Jupiter at its biggest and brightest tonight

NASA captures some awesome pictures of Jupiter. That's almost three times brighter than Sirius, the brightest star in the sky; compare the two at around 9 p.m. local daylight time this week, when they'll appear at about the same altitude above the horizon, Jupiter about 20 degrees high in the east-southeast and Sirius at a similar height in the southwest.

The planet will set in the west as the sun rises on Saturday morning.

"Through binoculars, you should be able to see Jupiter's four Galilean moons, Io, Europa, Ganymede and Callisto", NASA reports.

The Great Red Spot is an anticyclone, a spinning storm larger than Earth that has been active for at least 150 years.

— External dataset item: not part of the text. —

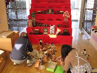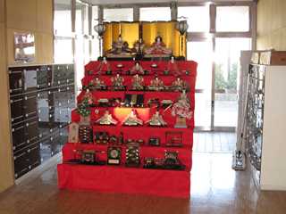 ★雛人形(段飾り)を生徒玄関に飾りました。
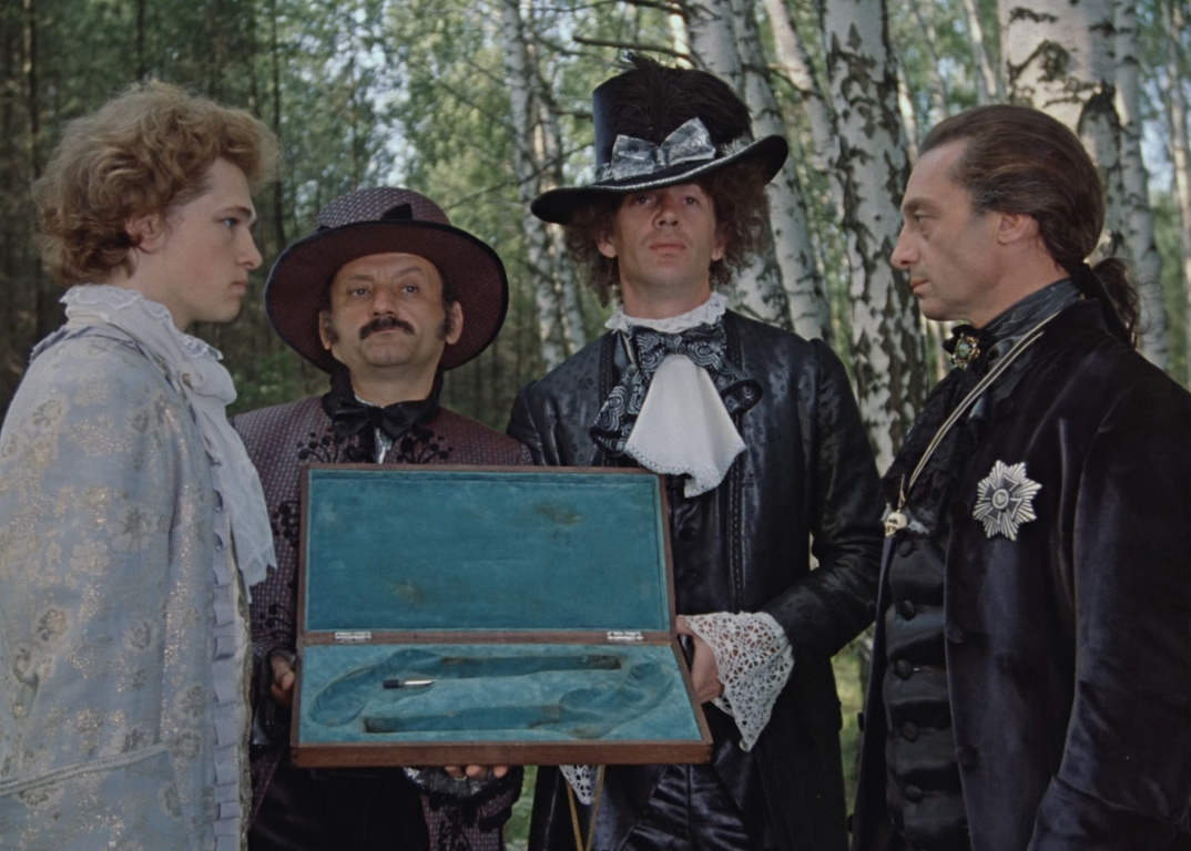 Стоит сказать еще об одной главной героине фильма – мраморной статуе, которую и хотел оживить при помощи Калиостро помещик Федяшев. Это одна из авторских копий «Одалиски Суламитиды» итальянского скульптора Паскуале Романелли второй половины XIX века.

Since Jupiter is directly opposite to the sun, that means it will rise in the east around sunset, and reach its highest point in the sky right around midnight, setting in the west by sunrise.

This positioning allowed a team led by Amy Simon of NASA's Goddard Space Flight Center in Greenbelt, Maryland to observe Jupiter using Hubble's Wide Field Camera 3.

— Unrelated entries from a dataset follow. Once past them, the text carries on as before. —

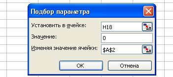 где doxi – доходы по годам, ICi – инвестиции по годам, j – банковская процентная ставка, n – срок действия инвестиции. 2. Порядок выполнения расчета в EXCEL: 1. В ячейку A1 вводим заданную величину цены капитала (в долях от 1) 2. В ячейку A2 вводим произвольную первоначальную величину внутренней нормы доходности проекта А (например 3. В ячейку A3 вводим произвольную первоначальную величину внутренней нормы доходности проекта Б (например 4. В ячейку B2 вводим цифру 5. В ячейку С2 вводим заданное значение инвестиции в проект А 6. В ячейку D2 вводим заданное значение инвестиции в проект Б 7. Устанавливаем курсор в ячейку E2 и вводим формулу для определения текущей стоимости доходов и инвестиций по годам 8. Ячейки D2 9. Выделяем ячейки D2 10. Устанавливаем курсор в ячейку H2 и вводим формулу для определения текущей стоимости доходов и инвестиций по годам при произвольно принятом значении IRR (0, 1) для проекта А 11. Ячейки H2 12. Выделяем ячейки H2 13. Устанавливаем курсор в ячейку I2 и вводим формулу для определения текущей стоимости доходов и инвестиций по годам при произвольно принятом значении IRR (0, 1) для проекта Б 14. Ячейки I2 15. Выделяем ячейки I2 16. Устанавливаем курсор на ячейку H18, вызываем программу «подбор параметра» (сервис
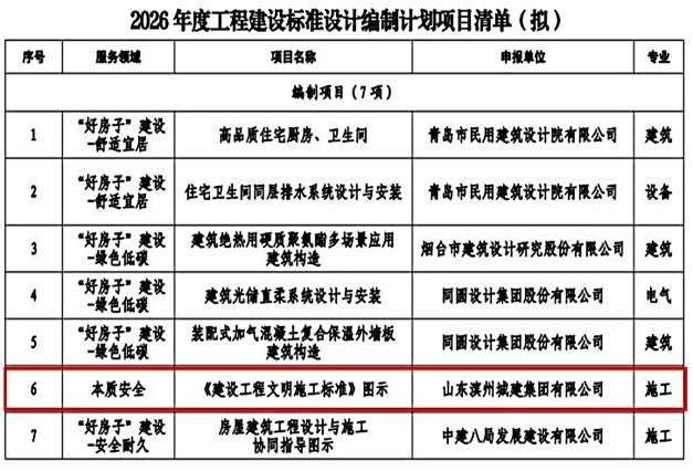 滨州日报/滨州网讯 近日,山东省住房和城乡建设厅印发《关于公布2026年度山东省工程建设标准设计编制计划(第一批)的通知》,由山东滨州城建集团有限公司主编的《〈建设工程文明施工标准〉图示》成功获批立项。这是我市本地企业首次承担主编的省工程建设标准设计,标志着滨州在工程建设标准化、规范化领域取得突破性进展。
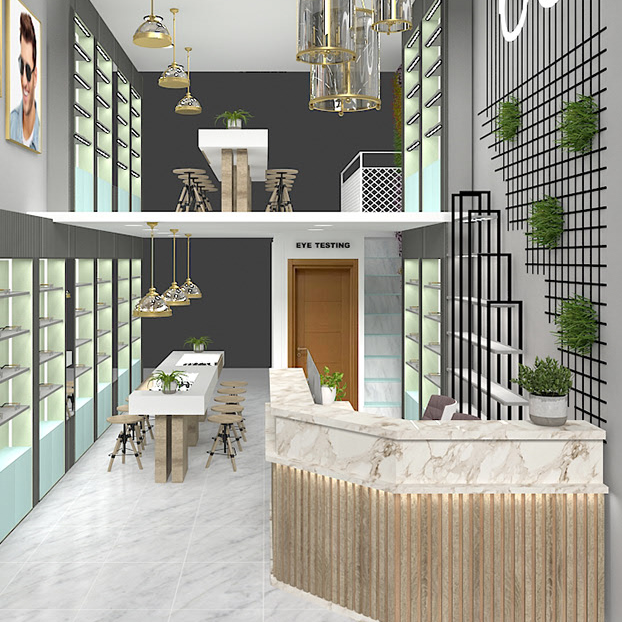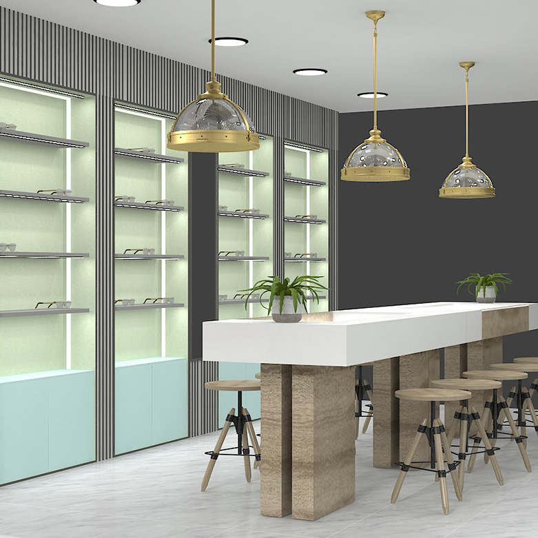 Estante de metal de diseño personalizado, escritorio de recepción, tienda óptica al aire libre, escaparate de toda la tienda para anteojos, gafas de sol, ópticamente para
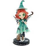 Cast in the finest resin before being expertly hand-painted. Wearing a turquoise dress and pointed hat, this unique fairy has a pair of delicate white wings emerging from her back.  Her light auburn hair frames her face which is decorated by a large star. In her hand, she holds a broomstick while spreading a little magic with the other. The theme behind the figurine is emblazoned on the black base, 'I'll Put A Spell On You'.
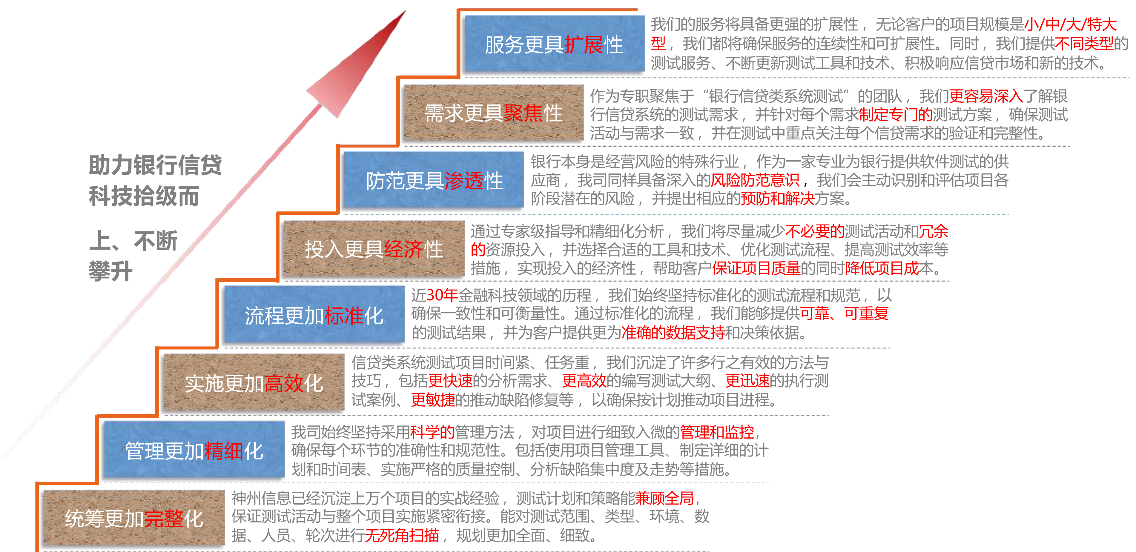 我们将以快速响应能力为导向,及时处理银行在信贷类系统测试过程中遇到的问题和需求变,以确保项目的成功实施、符合客户预期。

It takes this big planetary lug - the fifth planet from the sun, filled with hydrogen and helium - about 12 Earth years to orbit the sun, according to NASA. The planet will "only" be 416 million miles away, closer than any other time of the year, NASA said. Earth and the Sun are on opposite sides of the sky, that's the closest we ever get.

The planet is at "opposition", lined up with the Earth and the sun. Stargazers with small telescopes could see even more moons, he said, and larger lenses could reveal Jupiter's colorful cloud belts.

For reasons that are still unknown, the Great Red Spot has been slowly shrinking since the late 1800s. This way scientists have access to a collection of maps, which helps them to understand not only the atmospheres of the giant planets in the Solar System, but also the atmospheres of our own planet and of the planets that are being discovered around other stars.

Instead, Thursday's picture was simply a reminder that, somewhere out there above the heavens, a decades-old space telescope is still doing what it has done best: capturing spectacularly detailed images of the universe to blow the minds of those on Earth.

The astronomical society could begin hosting public viewing events in a few weeks.